Wie geht es weiter? „Unser Ziel ist auf jeden Fall, weiter zu expandieren“, sagt Bleimann-Gather. Mit neuen Kunden und mit neuen Ideen. So entstand etwa die erfolgreiche Jobbörse „Nacht der Unternehmen“, die Hochschulabsolventen mit regionalen mittelständischen Arbeitgebern aus der Euregio zusammenbringt und mittlerweile seit zehn Jahren auch in Stuttgart erfolgreich läuft. Oder in Kooperation mit der RWTH ein Verein, um im Bereich Virtual Reality Kunden zu gewinnen und sich auszutauschen.

Oder sie entwickeln, mit Mitteln des Bundesforschungsministeriums ein Lernprogramm für Menschen, die nach einem Schlaganfall einen Teil ihres Sprachvermögens verloren haben. Damit kann der Patient auf einem Tablet-Computer selbstständig üben, eine Sprachsoftware erkennt die Antworten und korrigiert, falls nötig. So kann die Technik die Arbeit der Logopäden unterstützen, der die Fortschritte des Patienten online verfolgen kann. „Bei unserer Gründung gab es noch kein Internet“, sagt Bleimann-Gather. „Mein Mobiltelefon hatte 30 Zentimeter Höhe.“ In den Anfangsjahren der Tema AG war Marketing ganz und gar analog.

70 Prozent sind digital

Heute, 25 Jahre später, spielen sich 70 Prozent der Unternehmensaktivitäten in der digitalen Welt ab – Tendenz steigend. „Nicht wenige Kunden sagen: Gedruckte Informationen interessieren uns nicht. Wir wollen sehen, was auf Internetforen, in Blogs oder auf Social-Media-Kanälen passiert.“ Der direkte Austausch zwischen Menschen bleibe wichtig, ist der Tema-Chef überzeugt. „Messen wird es wohl auch in 100 Jahren noch geben.“ Die Kommunikation und Organisation rund um diese Veranstaltungen aber läuft digital ab.

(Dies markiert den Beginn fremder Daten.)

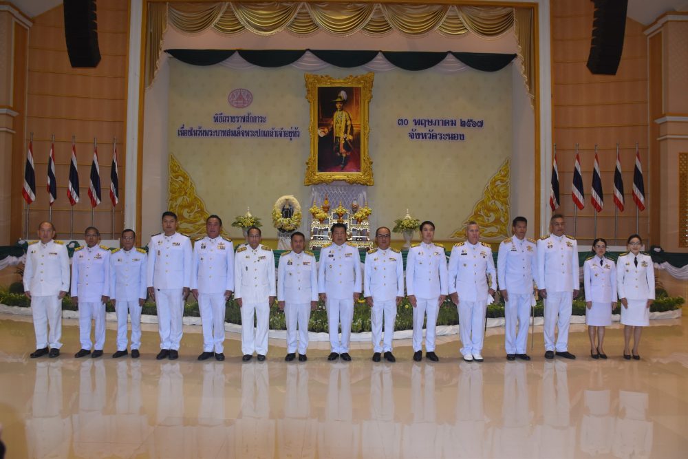 นายธนิต จตุรทิพประดับ อัยการจังหวัดประจำสำนักงานอัยการสูงสุด พร้อมด้วยข้าราชการฝ่ายอัยการ ร่วมพิธีเนื่องในวันคล้ายวันพระบรมราชสมภพพระบาทสมเด็จพระบรมชนกาธิเบศร มหาภูมิพลอดุลยเดชมหาราช บรมนาถบพิตร วันชาติ และวันพ่อแห่งชาติ ๕ ธันวาคม ๒๕๖๗ ในวันพฤหัสบดีที่ ๕ ธันวาคม ๒๕๖๗ เวลา ๐๗.๐๐ นาฬิกา ณ หอประชุมคอซู้เจียง ศูนย์ราชการจังหวัดระนอง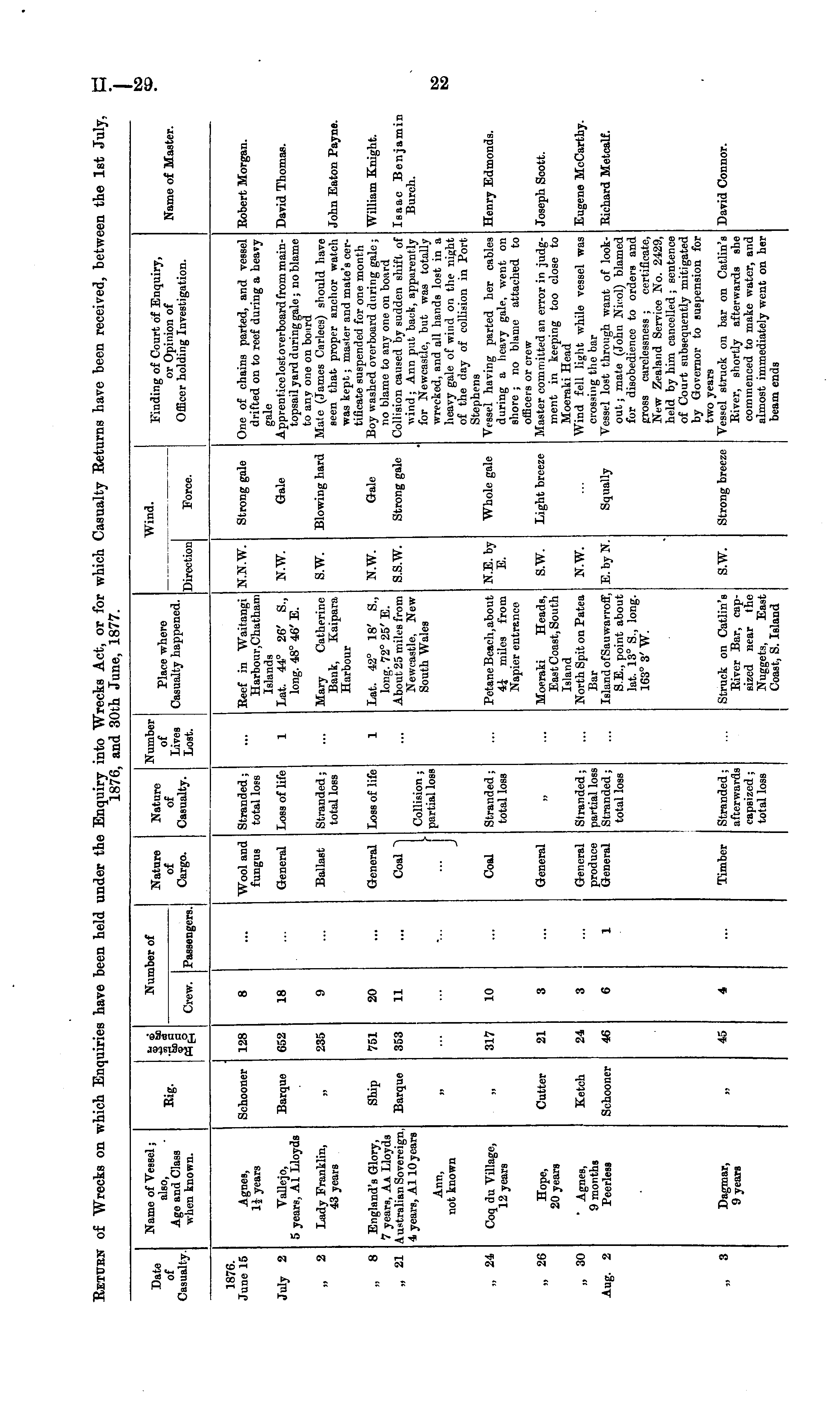 Date of Casualty. Name of Vessel; also, Age and Class when known. I a, Number of Nature Nature of Casualty. Number of Lives Lost. find. Finding of Court of Enquiry, or Opinion of Officer holding Investigation. Rig. Place where Casualty happened. — j Name of Master. Crew. Passengers. Cargo. Direction Force. 1876. June 15 Agnes, 1| years Schooner 128 8 Wool and fungus Stranded; total loss Reef in Wailangi Harbour,Chatham Islands Lat. 44° 26' S., long. 48° 46' E. N.N.W. Strong gale One of chains parted, and vessel drifted on to reef during a heavy gale Apprenticelost overboard from maintopsail yard during gale; no blame to any one on bourd Mate (James Carlees) should have seen that proper anchor watch was kept.; master and mate's certificate suspended for one month Boy washed overboard during gale; no blame to any one on board Collision caused by sudden shift of wind ; Ann put back, apparently for Newcastle, but was totally wrecked, and all hands lost in a heavy gale of wind on the night of the day of collision in Port Stephens Vessel having parted her cables during a heavy gale, went on shore ; no blame attached to officers or crew Master committed an error in judgment in keeping too close to Moeraki Head Wind fell light while vessel was crossing the bar Vessel lost through want of lookout ; mate (John Nicol) blamed for disobedience to orders and gross carelessness ; certificate, New Zealand Service No. 2429, held by him cancelled ; sentence of Court subsequently mitigated by Governor to suspension for two years Vessel struck on bar on Catlin's River, shortly afterwards she commenced to make water, and almost immediately went on her beam ends Robert Morgan. July 2 Vallejo, 5 years, Al Lloyds Barque 652 18 General Loss of life 1 N.W. Gale David Thomas. „ 2 Lady Franklin, 43 years ii 235 9 Ballast Stranded; total loss Mary Catherine Bank, Kaipara Harbour S.W. Blowing hard John Eaton Payne. „ 8 England's Glory, 7 years, Aa Lloyds Australian Sovereign, 4 years, Al 10 years Ship 20 General Loss of life 1 Lat. 42° 18' S., long. 72° 25' E. About 25 miles from Newcastle, New South Wales N.W. Gale William Knight. 751 „ 21 Barque 353 11 Coal - Collision ; partial loss s.s.w. Strong gale Isaac Benjamii Buroh. Ann, not known Coq du Village, 12 years 10 Coal Stranded ; total loss Petane Beach, about 4i miles from Napier entrance Whole gale Henry Edmonds. „ 24 317 N.E. by E. „ 26 Hope, 20 years Cutter 21 3 General ii Moeraki Heads, EastCoast, South Island North Spit on Patea Bar Island of Sau wan-off, S.E., point about lat. 13° S., long. 163° 3' W. S.W. Light breeze Joseph Scott. ,. 30 * Agnes, 9 months Peerless Ketch 24 3 General produce General Stranded ; partial loss Stranded; total loss N.W. Eugene McCarthy. Aug. 2 Schooner 46 6 1 E.byN. Squally Richard Metcalf. Dagmar, 9 years Struck on Catlin's River Bar, capsized near the Nuggets, East Coast, S. Island David Connor. il 3 M 45 Timber Stranded; afterwards capBi'zed ; total loss S.W. Strong breeze

Was macht Tema in 25 Jahren? „Die Themen Bionik und Lebenswissenschaften könnten gut der nächste große Hype werden“, vermutet Bleimann-Gather. Durch Film, 3D und Virtual Reality tauchten die Menschen immer tiefer in imaginäre Welten ein. „Und wer weiß“, wagt der Tema-Chef eine Vision, „vielleicht beamt uns in Zukunft ein kleiner Chip im Kopf dorthin.“

Eine spannende Vorstellung. Nicht nur für Marketing-Experten.